Dear Parents of “Typical” Kids,
I could have been labeled a helicopter parent for my oldest son, who was diagnosed with Asperger’s when he was 3 years old. When he started middle school eight years ago, I tried to arrange for neighborhood kids to walk or bike to and from school together. I knew that other parents were not making plans for their kids. But my son was completely unaware of others’ plans and he wanted to be included and didn’t feel comfortable calling to make arrangements on his own.
“Could the boys ride to school together?” I asked a friend.
“I’m not sure what they’ve decided,” she responded.
“Maybe we could try it for the first couple of days?” I offered.
After three days of trying, my son was on his own. He couldn’t speed up, and they didn’t slow down. It didn’t work for them to ride together.
I get it. My youngest son is starting middle school and he makes his own plans for getting to and from school with his buddies. I’m not thinking about which of his friends might need extra help from him at the start of the year. I don’t think the parents or children from eight years ago were uncaring people for not continuing to include my son when they wanted to ride to school at a faster pace. But it would’ve made me jump for joy if they had considered how to make it work for all of them.

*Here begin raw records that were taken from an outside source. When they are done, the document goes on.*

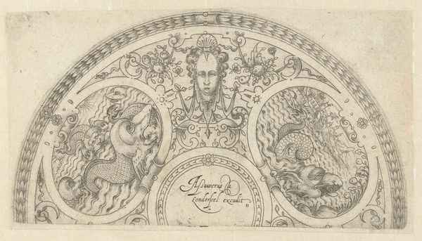Editor: This intricate engraving, titled "Decoratie voor de rand van een schotel," is estimated to have been created between 1500 and 1635 by an anonymous artist. I’m struck by how the composition, though small, feels monumental, like a tiny window into a vast mythological world. How do you interpret the symbolism embedded within this decorative piece? Curator: This engraving speaks to a cultural memory deeply invested in myth and adornment. Notice the prominent aquatic creatures; in many cultures, water signifies the subconscious, the source of life, and untamed potential. Are they monstrous? Playful? How do the figures interact with their watery realms, and what feelings do they evoke? Editor: They’re definitely ambiguous, teetering between beautiful and monstrous. It feels intentional, almost dreamlike. The juxtaposition of the grotesque sea creatures with the delicate floral designs seems contradictory. Curator: Precisely! This visual tension is key. The floral patterns offer beauty and order, a counterpoint to the primordial chaos suggested by the marine imagery. Think about the intended function—a decorative border. Is it meant to elevate mundane objects, offering glimpses into other worlds, or does it remind the diner that order is always under threat? The symbolism connects us to long traditions of maritime narratives and ornamentation. Editor: So, it’s not merely decorative but a container of deeper meanings, pulling in the viewer’s own interpretations? Curator: Exactly. Its power lies in its ability to evoke subconscious associations, triggering a chain of cultural and personal interpretations about history, life, and even mortality itself. What does this engraving, in its totality, say about you? Editor: I suppose it reminds me that beauty and chaos can, and often do, coexist. Thanks, that’s a perspective I hadn’t considered! Curator: And for me, it reinforces the enduring power of symbols to transcend time and connect us to shared human experiences.
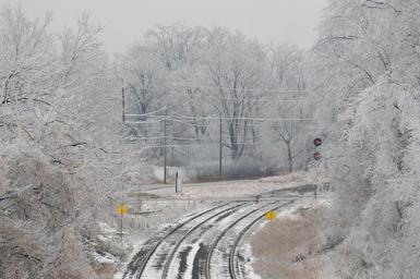 Keywords: railroad tracks crossing signal winter ice season frozen
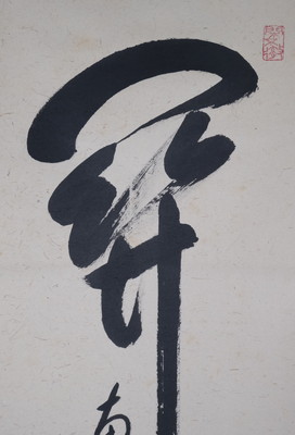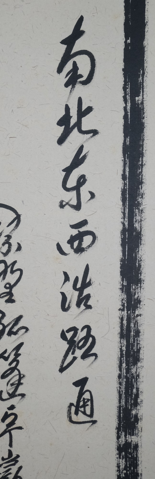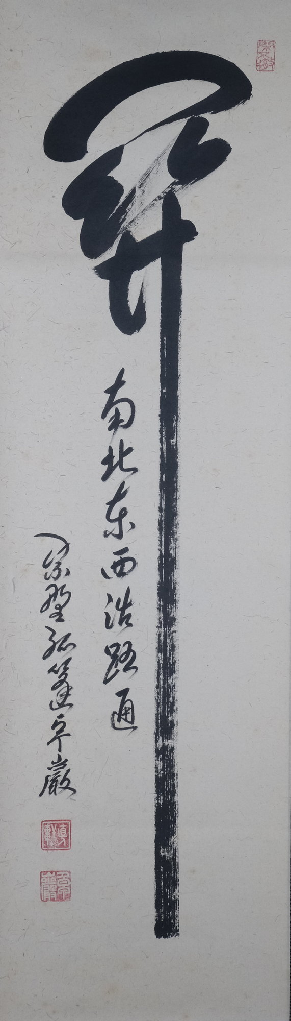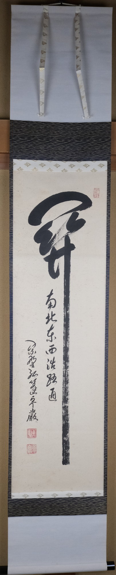 「關(関)そのものの意味は関所や閉ざされた門の事。それに対して東西南北どこへでも通じているという伸びやかな境涯。「關(関)」は碧巌録の公案に基づき、「南北東西活路通」はその「關(関)」の公案で大悟した大燈国師に基づく。
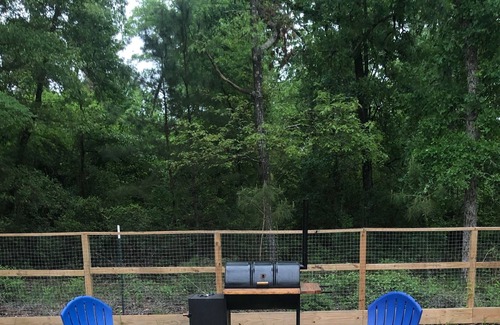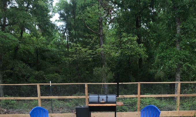 2 story, 2 bedrooms upstairs, with 2 full bathrooms upstairs and 1/2 bath downstairs. Ceramic flor tile throughout first floor and in both restrooms upstairs. Kitchen with dishwasher and microwave and full size refrigerator. 3 smart TVs in the house along with wireless internet. Full size sleeper sofa downstairs. Master has a queen bed while the 2nd room has bunk beds..twin on top and full on bottom. Large covered porch in back yard with ceiling fans, charcoal smoker pit and large picnic table. Fire pit with plenty of seating to enjoy nice cool nights, privacy fence around backyard with view of wooded area.
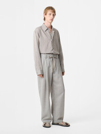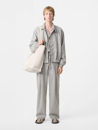 Our Noam Pant is a trouser that hits the difficult spot between casual and formal. Its loose, slouchy fit is contrasted by more formal detailing, like sharp front pleats and welted rear pockets, meaning it can be worn casually, or with the matching Harle Jacket for a contemporary approach to tailoring. DETAILS - Mid-rise, slouchy fit made from a tropical wool fabric - Wide leg - Elasticated, drawstring waist - Front pleats - Wear it with the matching Harle JacketJosefp is 6'2" / 187 cms and wears a Medium CARE 100% Wool Dry Clean Only Made in Portugal
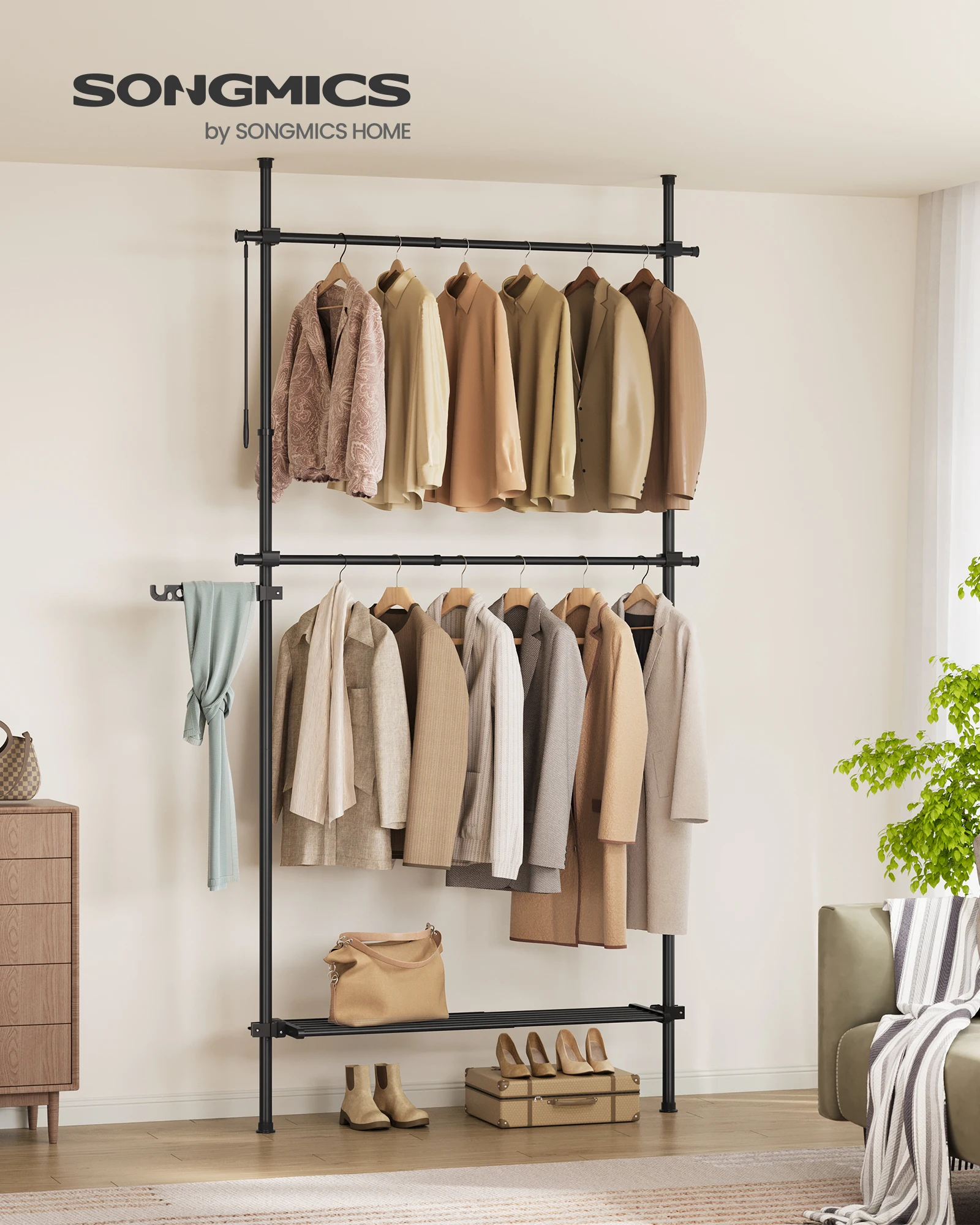 Songmics Jurken Stand, Dekens Hoog, 3-Tier, Hoogte En Breedte Verstelbaar Met Grijperarm

It’s hard to have such different needs from the majority of people around you. I had to remain more involved than other parents so that my son could be part of the group. I was the mom asking other parents what their kid’s after-school plans were weeks before school began. I was the mom offering to host kids at my home so my child had a friend to interact with. I was the mom providing fun activities and endless ice cream to make my home the gathering spot. I was involved in social planning longer than other parents. And that can be confusing and overwhelming for other parents who don’t have a child who needs extra help.
Please remember that I’m not bugging you because I want to micromanage my child’s social life. Eight years ago, I was teaching my child how to make plans with friends because he wasn’t able to do it on his own yet. Other kids ventured out into the world with less parental hand-holding, but mine still needed help to interpret and manage the increasingly demanding social world of middle school.
I know it’s not your job to look out for my kid, but I hope you can imagine what it would be like if your child was the one struggling socially. I hope you can imagine that another parent or child reaching out would make all the difference between being included and being ignored. Here’s how you can help:
1. Ask the parent and child what they need. When my oldest son was in middle school, another family wanted to include him in a birthday party at a noisy venue. They asked my son and me how to make it comfortable for him to participate. They were direct and kind and left us with the feeling that it wasn’t a big deal to be accommodating.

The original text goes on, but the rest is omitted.